Confused in choosing an insurance types or mutual funds? Understand first
you need to buy one of these products. Because of these two things are
different between each other. Do you need a protection or you want to invest.
Understand a financial product does require a deeper understanding. Somehow and
something to do with the money must be careful in using it. Consider the
differences in mutual funds and insurance products so that you can manage your
finances optimally. Money as a means of payment that has a cash value. Keep in
mind if you only save money at home, surely it is a bad thing. Every year is
definitely value for money will continue to decline. One of the reasons is
affected by inflation. So you have to allocate the money that is owned by you.

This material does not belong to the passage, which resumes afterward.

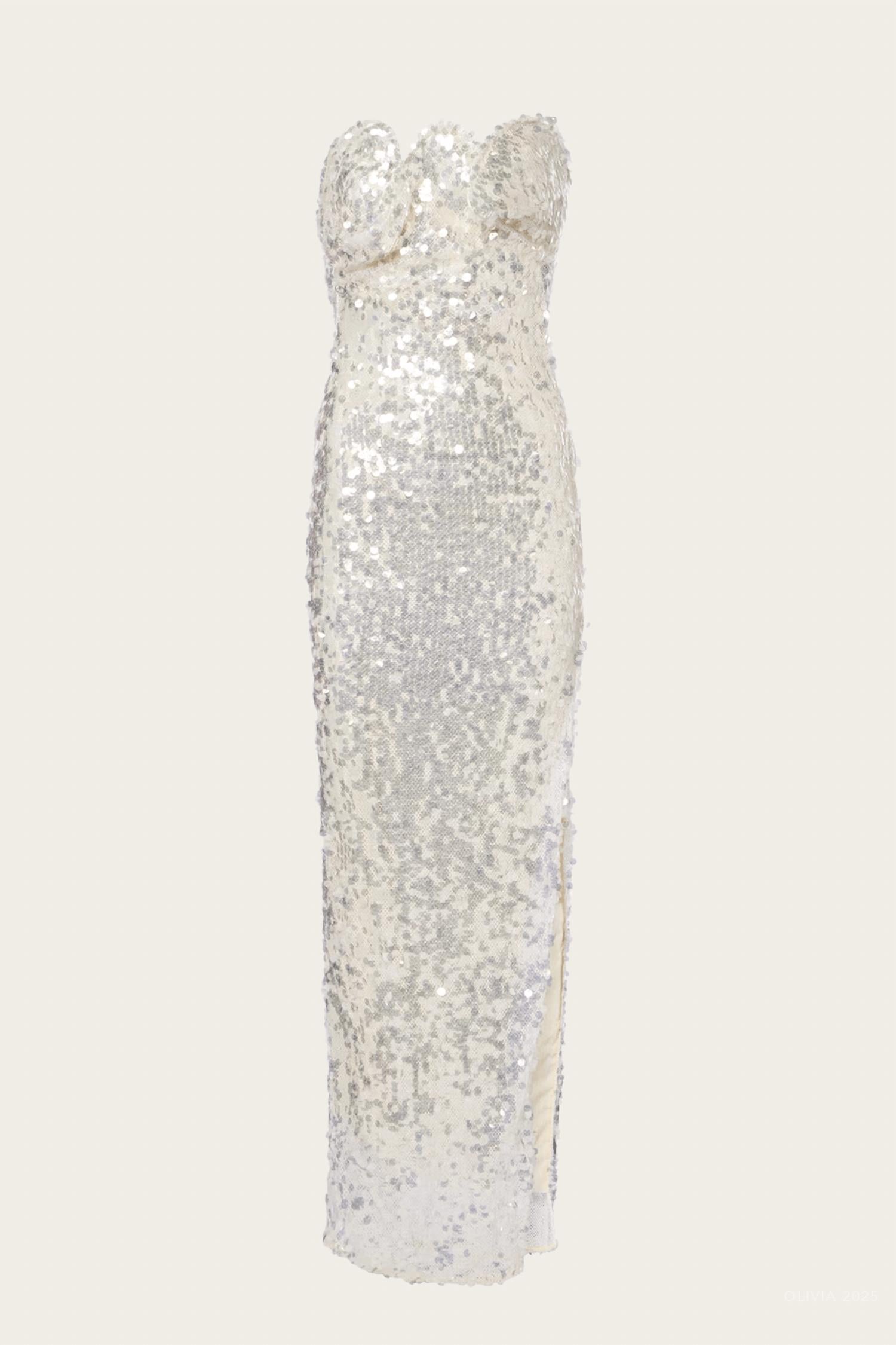 The pefect strapless dress for those warmer months. Add a cardigan for those cooler summer nights. The Opaline Sequin Strapless Gown by Christopher Esber is a stunning evening piece, designed in the captivating shade of Glisten Clear. This strapless gown is crafted with a sequin overlay composed of 100% polyester, while its base is made from 90% polyamide and 10% elastane, accented with silk straps. Made in China, it boasts a fitted, sheath silhouette with a stretchy fabric for a flattering fit. The gown secures with a back zip closure and requires dry cleaning to maintain its exquisite finish.

It is intended that the value of money in the future will have a greater value
than you keep it at home.
Differences in Life Insurance With Mutual Funds
Mutual funds are one of the products in the form of financial or
investment portfolios. Portfolios are securities such as stocks, bonds,
securities, and others. These funds may be known as a shopping cart for
potential investors who want to buy it. Mutual funds also have varying types.
Types of mutual funds in general are fixed-income funds, equity funds, money
market mutual funds, and mixed funds. It is almost the same with insurance.
Life insurance products also have 3 kinds of term life, endowment, and whole
life. However, insurance intended for those who want to buy a protection
racket. So you can conclude after understanding, mutual funds intended for
those who want to invest. But keep in mind, every investment is definitely at
risk. As the guidelines 'high risk, high return'. Risk owned by mutual funds is
a logical consequence. Profits to be generated is greater when compared with an
insurance product. The insurance companies usually give return per year with
guarantee. However, it does not mean an insurance product has a low interest.
That's not true, because the insurance companies also have someone who has experience
in finance. So you don’t have to worry about the performance of a company.
Because your deposited premium to the company, will be well managed. But keep
in mind, now there is a product called unit-linked insurance. Unit linked is a
modern product that is packed between the protection and the investment.
Unit-linked is different to the types of insurance that is on top. Usually
insurance products don’t provide a guarantee of interest premiums paid by the
customer.
Mutual funds into one investment recommended by a financial planner.
Some people already know about the mutual fund. But there are some of those who
have known, but did not know this mutual fund investing starts from where. Many
companies or banks have teamed up to distribute this product. Indeed, not all
banks to sell mutual funds, this will be the one of the penetration of mutual
fund investments are not popular with the public. These mutual funds managed by
the investment manager. The investment manager is a person whose job is to manage portfolio of securities based on the investment policy and is
responsible for the performance of the fund. The investment manager will sell
the units to the public, with the purchase of the unit then an investor would
entrust a number of funds that have been paid to the investment manager chosen
by him. An investment manager usually you give advice to investors. The
investment manager will buy a particular company's stock, or sell it, or
maintained. It requires a fee to pay for services to the investment manager.
Unlike the insurance products, it is only sold by insurance companies. So if
you want to buy an insurance product, then you have to buy it to a related
company. You no need to bother to think about it. You only pay a premium
conformed to your needs to get the life insurance policy.
By collecting funds from investors, investment managers will gain a
number of funds which will then be developed by it. Investors who have little
or minimal funds may follow investment in the form of securities. What is meant
by the effects are securities, such as promissory notes, commercial paper,
stocks, bonds, proof of debt, investment units, collective investment
contracts, futures contracts. Portfolio of securities managed by an investment
manager can be a collection of some types of effects (not just similar).
Investment Manager is a party whose business is managing a portfolio of
securities for customers or managing collective investment portfolio to a group
of customers. Unlike the life insurance companies and banks that do their own
business activities based on the laws and regulations in force. Investment
Manager is responsible for managing the funds collected in the fund and is
responsible for any investment activity, ranging from investment analysis,
decision-making, monitoring the market, or take action that might be required.
Investment managers receive remuneration in the form of management fees,
performance fees, and entry or exit fees.